Abstract

Vortex beams with an optical angular momentum (OAM) are of increasing interest for optical tweezers [1], materials processing [2] or quantum information [3]. For specific applications, ultrashort wavepackets with OAM are required. Recently, 2.3-cycle vortex pulses were generated with an optical parametric amplification system [4]. From a more compact setup with a self-compensated diffractive spiral phase axicon, 8-fs Ti:sapphire laser pulses with OAM were extracted [5]. The combination of intense few-cycle vortex pulses with the flexibility of adaptive elements opens further prospects for leading-edge technologies. Here we present recent results on two alternative approaches: (a) liquid-crystal-on-silicon spatial light modulators (LCoS-SMs), and (b) micro-electro-mechanical systems (MEMS). MEMS axicons were originally developed as variable shapers of Bessel beams [6,7]. The concept was extended to include an OAM as additional degree of freedom. A spiral MEMS was built via the following steps. An Si mould was structured by 3D layer-by-layer UV-laser ablation. Liquid PDMS monomer is poured into the mould and the chip is subjected to vacuum. A second blank Si chip carrying the reflective layer is pressed on top of the PDMS. The polymer is thermally cured. Upon heating, the liquid monomer expands prior to crosslinking and excess polymer is pushed out.
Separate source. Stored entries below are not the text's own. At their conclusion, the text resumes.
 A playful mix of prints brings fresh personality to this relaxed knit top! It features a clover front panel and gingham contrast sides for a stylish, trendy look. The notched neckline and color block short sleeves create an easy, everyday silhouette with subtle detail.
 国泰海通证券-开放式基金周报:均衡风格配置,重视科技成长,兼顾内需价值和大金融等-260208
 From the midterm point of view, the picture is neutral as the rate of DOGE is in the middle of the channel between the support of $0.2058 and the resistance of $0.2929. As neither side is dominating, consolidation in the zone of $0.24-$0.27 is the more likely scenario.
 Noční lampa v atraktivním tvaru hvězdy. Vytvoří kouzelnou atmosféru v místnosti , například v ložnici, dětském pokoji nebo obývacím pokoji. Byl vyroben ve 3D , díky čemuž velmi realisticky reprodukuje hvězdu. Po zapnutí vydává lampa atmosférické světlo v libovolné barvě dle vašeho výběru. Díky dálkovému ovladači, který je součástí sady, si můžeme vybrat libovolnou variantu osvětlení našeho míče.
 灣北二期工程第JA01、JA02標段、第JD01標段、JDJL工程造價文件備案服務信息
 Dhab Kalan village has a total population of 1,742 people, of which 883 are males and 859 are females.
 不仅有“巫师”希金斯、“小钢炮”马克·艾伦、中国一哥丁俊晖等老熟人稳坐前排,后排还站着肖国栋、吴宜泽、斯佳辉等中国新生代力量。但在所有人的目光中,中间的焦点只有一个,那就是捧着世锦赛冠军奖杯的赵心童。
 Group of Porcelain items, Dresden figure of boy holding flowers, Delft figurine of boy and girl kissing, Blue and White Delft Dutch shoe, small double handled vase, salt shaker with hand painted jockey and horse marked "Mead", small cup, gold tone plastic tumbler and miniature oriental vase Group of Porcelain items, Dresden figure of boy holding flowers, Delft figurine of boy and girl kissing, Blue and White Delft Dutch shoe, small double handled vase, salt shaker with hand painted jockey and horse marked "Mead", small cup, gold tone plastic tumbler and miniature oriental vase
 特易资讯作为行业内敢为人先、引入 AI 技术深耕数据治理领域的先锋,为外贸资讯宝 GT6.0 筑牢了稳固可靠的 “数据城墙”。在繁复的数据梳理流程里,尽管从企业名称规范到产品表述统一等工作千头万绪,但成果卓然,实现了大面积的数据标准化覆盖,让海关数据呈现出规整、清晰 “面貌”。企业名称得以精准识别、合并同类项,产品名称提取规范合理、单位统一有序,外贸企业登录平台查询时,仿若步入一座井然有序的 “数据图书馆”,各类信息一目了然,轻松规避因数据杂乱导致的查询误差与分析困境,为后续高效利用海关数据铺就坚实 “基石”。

The mirror layer is revealed by etching through the top Si substrate. Due to the stress induced by thermal shrinkage of the polymer, the structure of the Si mould is transferred to the mirror layer. The Si roughness is smoothed by the polymer down to 6 nm. The fabrication process is explained more in detail in ref. [7]. The mirror deflection depends linearly on the temperature (Fig. 1a). The topologies of mirror and Si substructure are shown in Figs. 1b and c. The propagation of vortex pulses was studied in spatial and temporal domain with shearography and spectral phase interferometry for direct electric field reconstruction (FC-SPIDER). The OAM was detected with a wavefront sensor [5]. It was found that SLMs enable for a larger spatial variability but are limited concerning the phase, whereas the MEMS work at lower dispersion but higher phase steps.

© 2013 IEEE